_Problem:_ Copy each line of the data below in which the word "محافظ" can be found.

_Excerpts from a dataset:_
↓

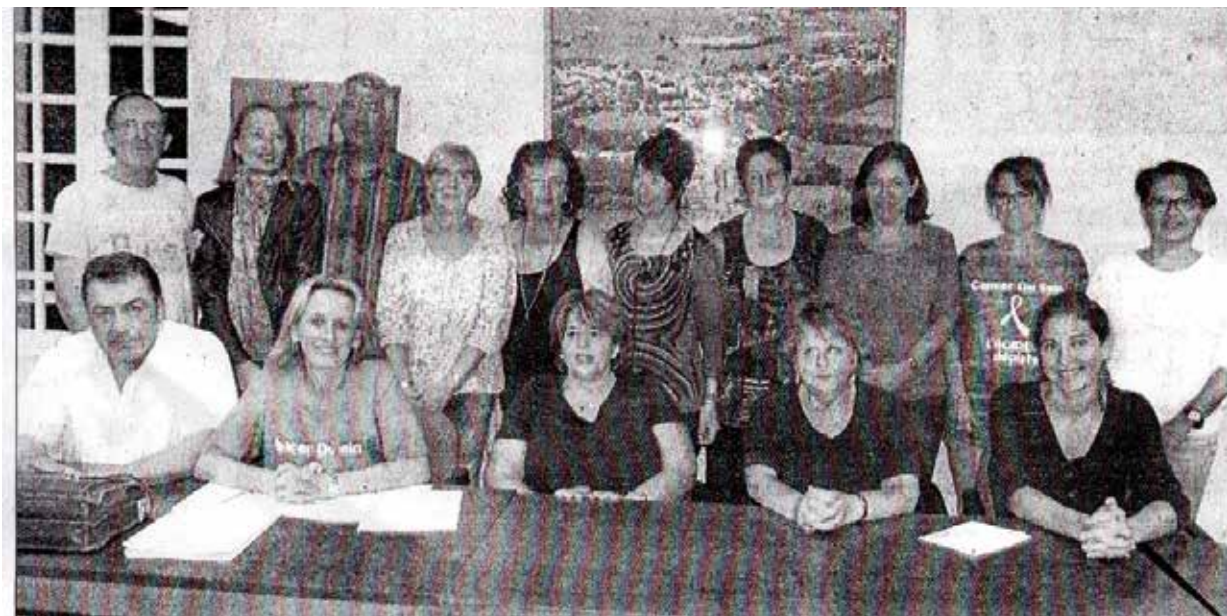
Le Centre communal d'action sociale a préparé activement la soirée théâtre du 18 octobre.
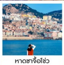
หาดซาจื่อฮั่ว
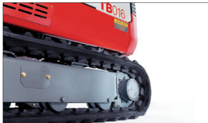
Laufrollen mit Innen- und Außenführung für sicheren Gummikettenlauf und Double-Short-Pitch Gummiketten für vibrationsarmes Fahren
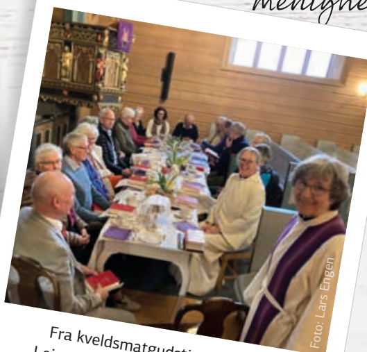
Fra kveldsmatgudstjenesten i Leinstrand kirke på skjærtorsdag
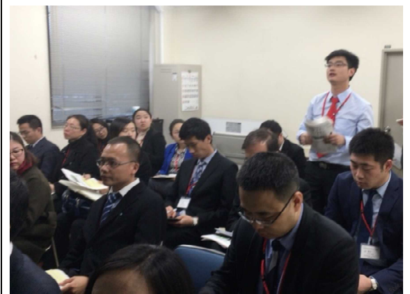
2月20日 访问农研机构九州冲绳农业研究中心 （熊本县）
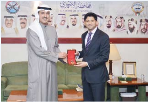
محافظ الأحمد يهدي سفير المملكة المتحدة درعا تذكارية

استقبل محافظ الأحمد السيد حمود الجابر، بمكتبه في ديوان عام محافظة الأحمد، صباح أمس، سفير المملكة المتحدة لبريطانيا وأيرلندا الشمالية لدى دولة الكويت السفير قدسي رشيد، بحضور السكرتير السياسي بوشكار كابول، حيث جرى التعارف وتبادل الأحاديث الودية التي تناولت العلاقات الثنائية بين البلدين وسبل تعزيزها في جميع المجالات، كما رحب المحافظ بالسفير، متمنياً له التوفيق في مهام عمله والدفع بعلاقات البلدين إلى آفاق أرحب.
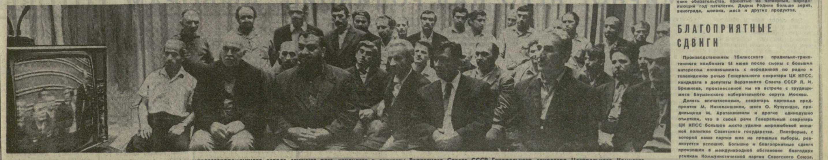
● РАБОЧИЕ И СЛУЖАЩИЕ Тбилисского электровагоноремонтного завода слушают речь кандидата в депутаты Верховного Совета СССР Генерального секретаря Центрального Комитета Коммунистической партии Советского Союза товарища Л. И. Брежнева.

Производственным Тбилисского пряльно-трикотажного комбината 14 июня после смены с большим интересом ознакомилась с переданной по радио и телевидению речью Генерального секретаря ЦК КПСС, кандидата в депутаты Верховного Совета СССР Л. И. Брежнева, произнесенной на встрече с трудящимися Бауманского избирательного округа Москвы.
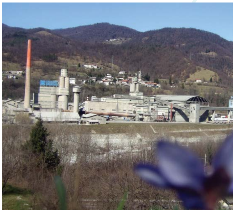
Počasi izpod zaprašenega oklepa
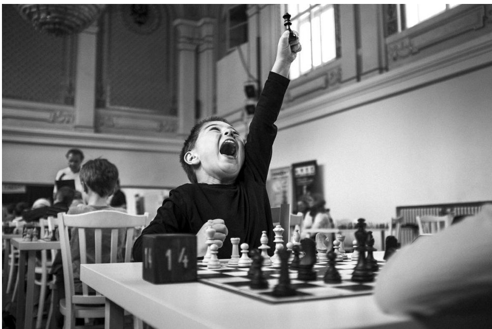
Obr. 3 Jedna z vítězných fotografií Michaela Hankeho ze série Šachové turnaje mládeže z roku 2017, (zdroj: https://ct24.ceskatelevize.cz/kultura/2049032-hanke-aneb-foti-cela-rodina-vystava-nabizi-snimky-z-world-press-photo )
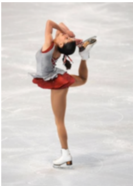
2. Patinaje sobre Hielo
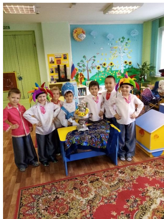
Тематическое занятие «Что, Где, Когда?», посвященное Дню защитника Отечества
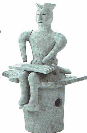
琴を弾く男性埴輪
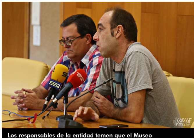
Los responsables de la entidad temen que el Museo

atender las necesidades de gestión y funcionamiento del Museo Etnológico, ya que necesitan "que personal técnico se encargue de estas funciones, así como ayuda para restaurar piezas pues existe un problema de carcoma para seguir montando el Museo, ya que desde su traslado hace dos años muchos elementos siguen almacenados sin poder exhibirse".

↑

_Finished task:_
محافظ الأحمد يهدي سفير المملكة المتحدة درعا تذكارية
استقبل محافظ الأحمد السيد حمود الجابر، بمكتبه في ديوان عام محافظة الأحمد، صباح أمس، سفير المملكة المتحدة لبريطانيا وأيرلندا الشمالية لدى دولة الكويت السفير قدسي رشيد، بحضور السكرتير السياسي بوشكار كابول، حيث جرى التعارف وتبادل الأحاديث الودية التي تناولت العلاقات الثنائية بين البلدين وسبل تعزيزها في جميع المجالات، كما رحب المحافظ بالسفير، متمنياً له التوفيق في مهام عمله والدفع بعلاقات البلدين إلى آفاق أرحب.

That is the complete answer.